Following the march, I was asked by many about the most powerful part of the visit. For me, it was simple: interviewing nearly 10 Holocaust survivors on the haunting grounds of the Auschwitz concentration camp and the Birkenau extermination camp, where more than 2 million Jews were murdered by the Nazi regime.

These survivors who had the courage to come back to the scene of horrors to share their stories with the next generation of Jews were beyond brave. Hearing the details of their stories firsthand, but even more than that—getting a glimpse into the memories that could be seen in their eyes—is what will remain so haunting … and so lasting.

A look into the eyes of a Holocaust survivor retelling stories of tragedy and survival on the grounds of Auschwitz-Birkenau gave me greater insight than any words I heard or feelings I could ever conjure.

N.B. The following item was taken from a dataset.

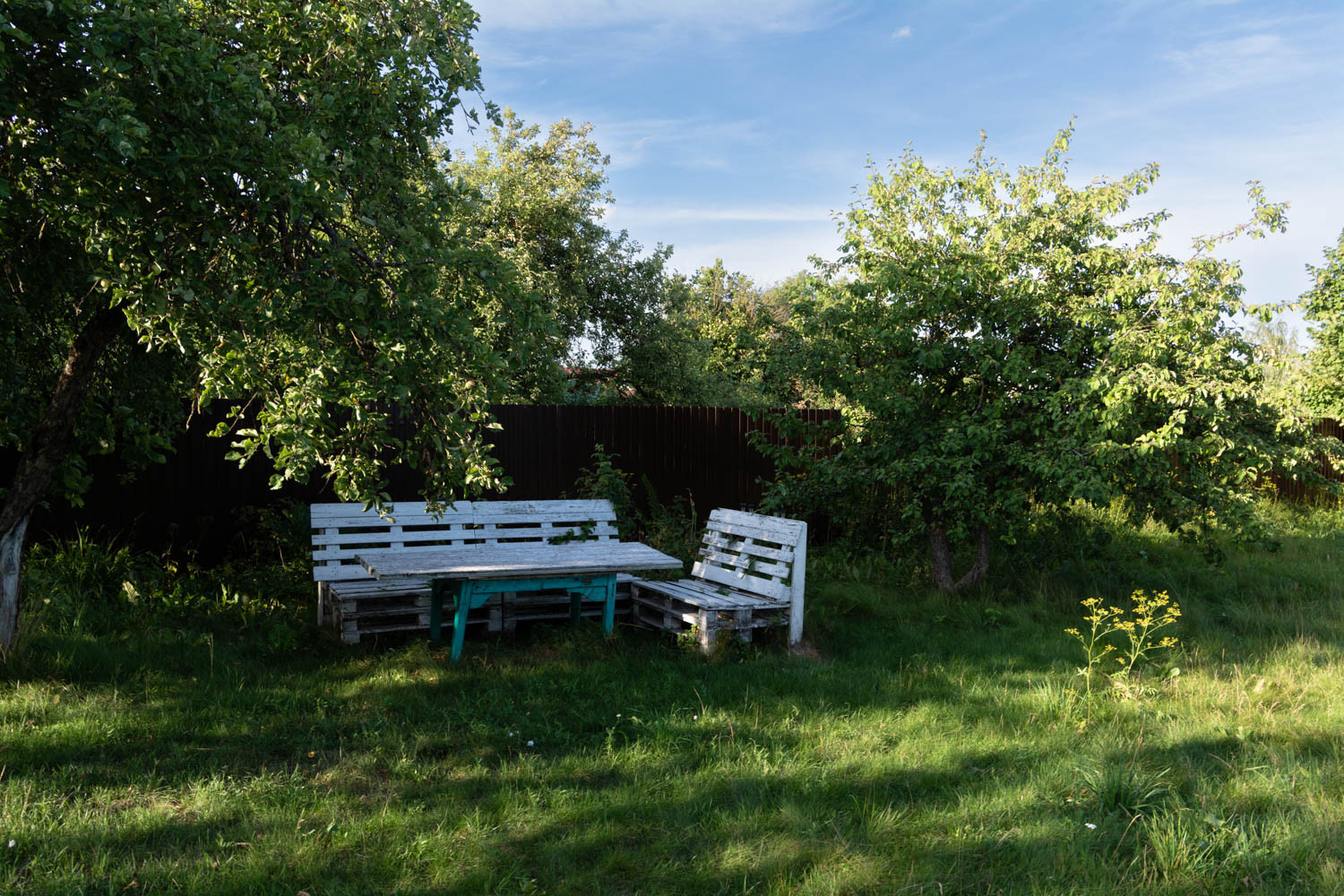 На участке расположена зона отдыха стол с сиденьями для тех кто любит проводить семейный ужин на природе.

The survivors were in their mid-80s to mid-90s. The opportunities to hear these stories, related directly by those who experienced them, are becoming more precious as they become more limited. Soon, within one generation, they will become a page in Jewish history.

And yet, as anti-Semitism again rears its ugly head across Europe, in the United States and even in Israel, the lessons of the Holocaust remain as important, if not more important, than ever.

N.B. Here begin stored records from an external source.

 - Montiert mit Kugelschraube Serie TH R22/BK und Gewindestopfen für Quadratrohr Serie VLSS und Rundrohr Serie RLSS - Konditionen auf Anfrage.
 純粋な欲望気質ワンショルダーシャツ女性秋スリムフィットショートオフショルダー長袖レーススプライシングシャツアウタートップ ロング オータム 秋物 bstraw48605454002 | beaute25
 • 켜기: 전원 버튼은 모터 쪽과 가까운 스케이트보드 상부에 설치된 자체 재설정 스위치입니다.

The challenge for organizations like March of the Living, Yad Vashem and others will be how to increase real knowledge and deep understanding about what happened during the years of World War II without the talebearers of those horrors.

One model may come from the Jewish community itself: within the Chabad-Lubavitch movement.

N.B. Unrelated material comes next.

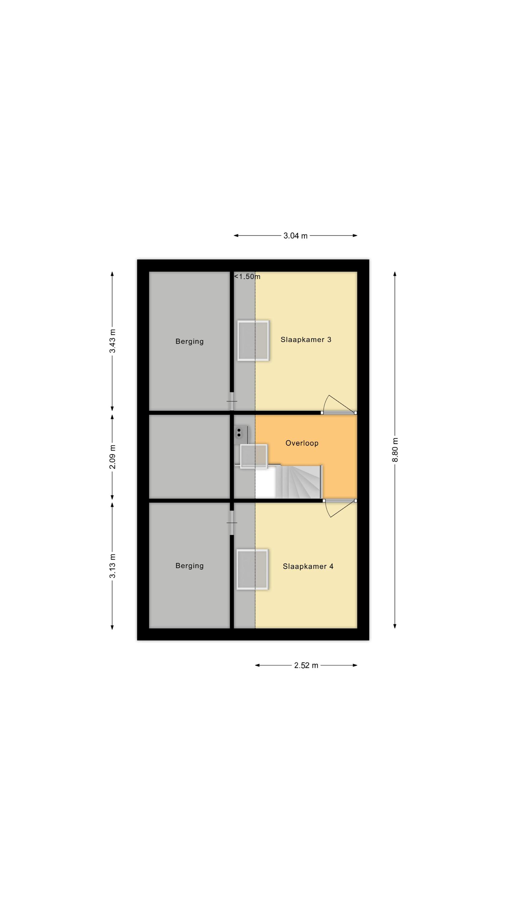 - Slaapkamer 3 : 3.43 x 2.52 (tot 1.5m lijn)

With the passing of the seventh Lubavitcher Rebbe, Rabbi Menachem Mendel Schneerson, in June 1994, a dynastic movement that had spanned generations lacked a chasidic master at its head for the first time. And yet, Chabad today is as large and successful as ever.

The powerful spread of Chabad emissaries to all parts of the globe followed the model envisioned and set up by the Rebbe himself: to send those educated in the teachings and practices of Judaism in general and Chabad in particular, to carry a lantern of light kindled by the Rebbe himself.

The Rebbe was the high-quality source of this light, plugged in directly to the teachings and understandings of the original chasidic masters. Anyone who met him consistently noted the power that could be felt by looking the Rebbe directly in the eyes. It was as if his blue eyes could see into the soul of whoever stood or sat in front of him.

The Rebbe seemed to realize that his torch would not be passed to a single leader. Rather, if he could pass a portion of his light to thousands of others and send them to Jewish communities around the world, the light would be magnified exponentially. What might be suffered by a diminishing concentration of light could be made up for in great quantity. Local Chabad leaders—now numbering in the thousands—would shine as much light as possible into locations far and wide. Lighting a new candle never diminishes the light of the candle it’s lit from. Together, these emissaries now spread more light than a single Rebbe ever could.

As Holocaust survivors become fewer in number, there is no choice but to pass the torch to present and future generations that will perpetuate their stories, memories, teachings and understandings.

As Elie Wiesel famously stated, “When you listen to a witness, you become a witness.”

Inasmuch as that is one of the most important messages you can give to someone who hears directly from a witness, it can only, of course, be partially true. Despite my speaking to many Holocaust survivors, learning as much as I can about the sophisticated details of the Nazi’s Final Solution and being the grandson of Holocaust victims who survived the tortures of Polish labor and death camps, no one standing before me who hears my explanation of events will ever see in my eyes what I could see in theirs.

Nonetheless, if thousands of second-, third- and now fourth-generation descendants of survivors take the torch from those who survived through great courage and strength—with a true commitment and determination to sharing the light of our brave predecessors—we can succeed in taking the remembrance of the Holocaust and its lessons to even greater distances in the years to come.

By Alex Traiman


Alex Traiman is managing director and Jerusalem bureau chief of Jewish News Syndicate.